I mentioned being mindful of your grief while managing your illness above, but take the time you need to grieve. If it takes you a few months to a few years to get to a better space with the loss, do not pressure yourself to “get over it” sooner. Do not feel guilty if you find you overcome the profound grief sooner. You have your own timeline, so honor it.
Honoring the Life
Some final thoughts are finding ways to honor the life once they pass.
Now that I am faced with a significant loss, it brings about another lesson in priorities. Getting my diagnosis started the process, giving birth to Jai continued it, and Lytton’s pending death cements it: I need to put things in a proper perspective. Life is fleeting, therefore wasting time on the petty stuff is meaningless.
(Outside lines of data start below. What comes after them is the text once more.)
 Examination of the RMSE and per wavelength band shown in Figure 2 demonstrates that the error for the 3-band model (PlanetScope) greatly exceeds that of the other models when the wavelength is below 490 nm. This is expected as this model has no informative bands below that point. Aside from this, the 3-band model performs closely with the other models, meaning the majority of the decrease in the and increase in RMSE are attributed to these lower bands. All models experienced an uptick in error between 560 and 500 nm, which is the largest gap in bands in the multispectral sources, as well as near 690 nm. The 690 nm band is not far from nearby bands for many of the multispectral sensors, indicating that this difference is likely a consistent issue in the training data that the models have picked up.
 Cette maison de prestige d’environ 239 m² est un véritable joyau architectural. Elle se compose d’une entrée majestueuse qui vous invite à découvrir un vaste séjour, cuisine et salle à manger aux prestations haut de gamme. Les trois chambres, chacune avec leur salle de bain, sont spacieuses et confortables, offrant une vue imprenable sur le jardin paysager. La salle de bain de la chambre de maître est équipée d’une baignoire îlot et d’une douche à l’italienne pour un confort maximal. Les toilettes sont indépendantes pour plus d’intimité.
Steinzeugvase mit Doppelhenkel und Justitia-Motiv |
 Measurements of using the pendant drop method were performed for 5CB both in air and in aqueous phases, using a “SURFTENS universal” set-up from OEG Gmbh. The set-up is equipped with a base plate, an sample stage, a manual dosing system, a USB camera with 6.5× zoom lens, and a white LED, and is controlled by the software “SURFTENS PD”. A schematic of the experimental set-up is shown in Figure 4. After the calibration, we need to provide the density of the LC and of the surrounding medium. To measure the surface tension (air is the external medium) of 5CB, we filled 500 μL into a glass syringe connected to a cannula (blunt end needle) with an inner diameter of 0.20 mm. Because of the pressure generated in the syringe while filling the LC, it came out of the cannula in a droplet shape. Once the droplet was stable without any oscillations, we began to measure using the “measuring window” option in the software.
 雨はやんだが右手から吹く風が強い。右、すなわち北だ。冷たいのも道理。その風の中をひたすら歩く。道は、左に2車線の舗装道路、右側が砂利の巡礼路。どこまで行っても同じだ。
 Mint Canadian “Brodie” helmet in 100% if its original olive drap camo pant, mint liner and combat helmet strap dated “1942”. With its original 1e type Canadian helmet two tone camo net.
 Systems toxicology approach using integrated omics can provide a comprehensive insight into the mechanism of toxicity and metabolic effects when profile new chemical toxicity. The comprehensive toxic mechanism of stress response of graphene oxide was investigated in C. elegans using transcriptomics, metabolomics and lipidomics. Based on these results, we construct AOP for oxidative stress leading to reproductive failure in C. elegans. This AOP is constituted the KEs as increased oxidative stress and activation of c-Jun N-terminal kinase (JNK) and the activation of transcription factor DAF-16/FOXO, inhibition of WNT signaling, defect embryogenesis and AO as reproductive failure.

A few weeks ago, I read a quote by the late Maya Angelou:
People don’t always remember what you say or even what you do. But they do remember how you made them feel.
So many times, I forget what causes friendships to break apart, but I do remember how the other person made me feel. When I get a feeling of love for my friends, it’s not necessarily from a specific incident, but a warmth of the time spent with them.
Death is a terrible separator. Cognitively I knew this before Lytton got sick, but now I am starting to feel it. I am recognizing the impact I have on others, and while I cannot control how they think about me, I will be true to myself. I will honor Lytton’s memory by being more like him: love freely and forgive fiercely.
Lytton understood people’s hurts and sought to comfort them without expectation of reward. His entire life, he demonstrated compassion to me. Sure, he had his cat moments, but overall he never judged others, nor did he hide his desires.
I started down a similar path this year, and his pending death confirms that it is the right direction for me. I will continue my internal work to be less judgmental; take each situation as it is, not how I think is; and be more compassionate to everyone, including myself. I will assert what’s best for me without fear of judgment, and I will take care of myself without feeling shame.
Finally, I will live more in the moment, something all animals are known to do. I try to do all of this in honor of Lytton.